[YOUR TASK]:
The records below are to be returned word for word, with pictures left out.

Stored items
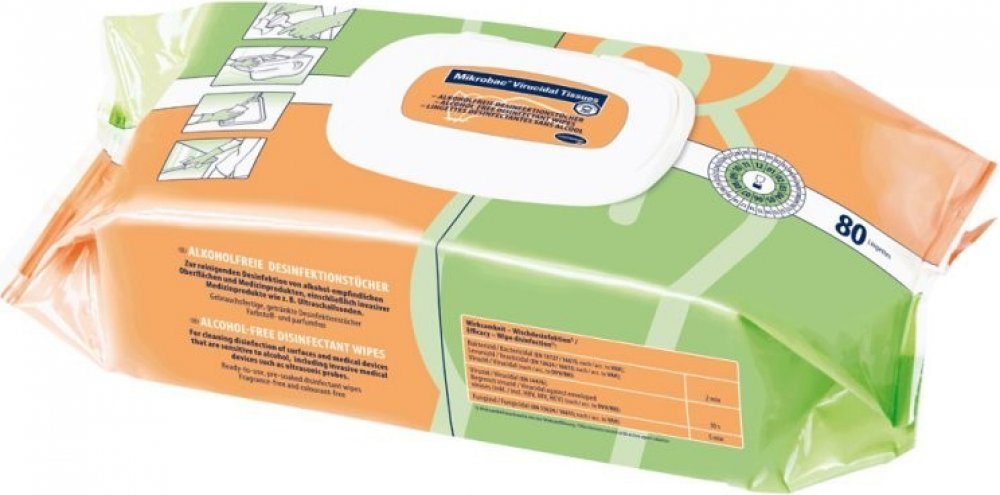 Mikrobac® Virucidal Tissues mají plně virucidní účinnost za 30 s a splňují požadavky všech legislativních směrnic týkajících se čištění a dezinfekce semikritických zdravotnických prostředků. Dezinfekční utěrky spolehlivě a rychle působí na neobalené viry, např. lidský papillomavirus.
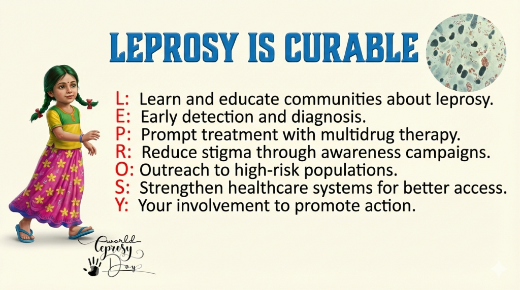 • L – Learn and educate communities about leprosy to dispel myths and misinformation.
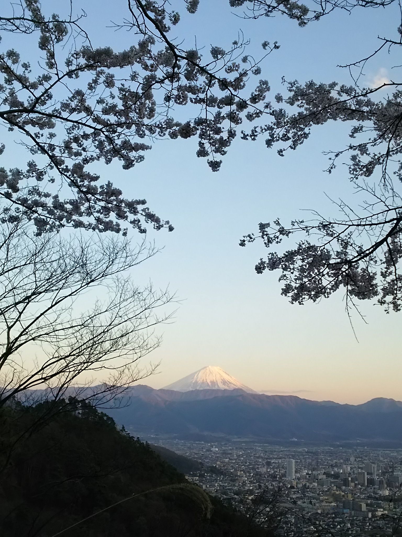 山梨の夕刻、桜の向こうに富士山を拝むことができました。
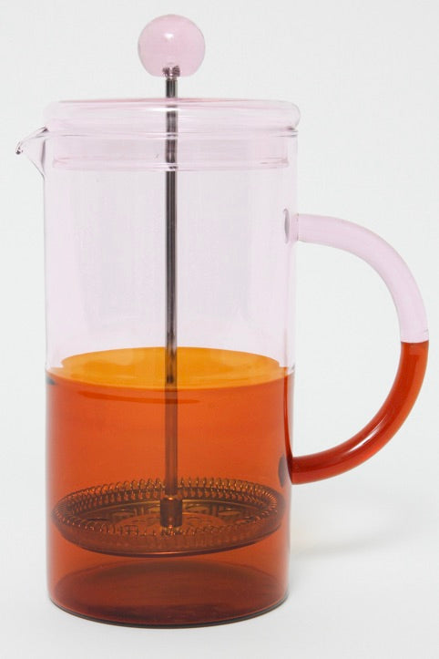 Simply add your ground coffee to the glass jug, top with hot water and sit the lid on top. Do not compress the plunger until your coffee has had enough time to brew, then slowly push it all the way down. Serve + enjoy!
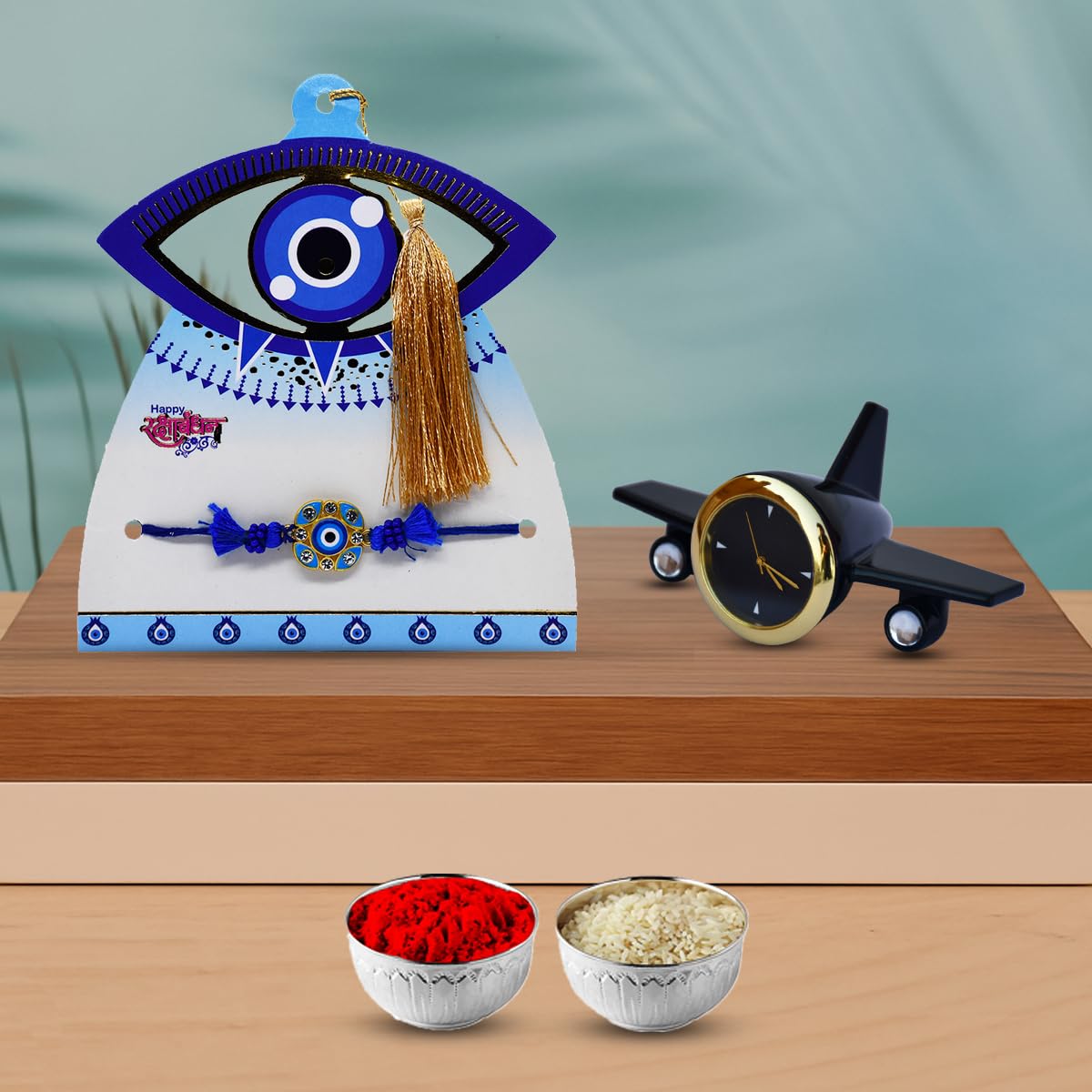 Evil Eye Rakhi For Brother with Gift Airplane Table Clock Showpiece

[OUTPUT]:
 Mikrobac® Virucidal Tissues mají plně virucidní účinnost za 30 s a splňují požadavky všech legislativních směrnic týkajících se čištění a dezinfekce semikritických zdravotnických prostředků. Dezinfekční utěrky spolehlivě a rychle působí na neobalené viry, např. lidský papillomavirus.
 • L – Learn and educate communities about leprosy to dispel myths and misinformation.
 山梨の夕刻、桜の向こうに富士山を拝むことができました。
 Simply add your ground coffee to the glass jug, top with hot water and sit the lid on top. Do not compress the plunger until your coffee has had enough time to brew, then slowly push it all the way down. Serve + enjoy!
 Evil Eye Rakhi For Brother with Gift Airplane Table Clock Showpiece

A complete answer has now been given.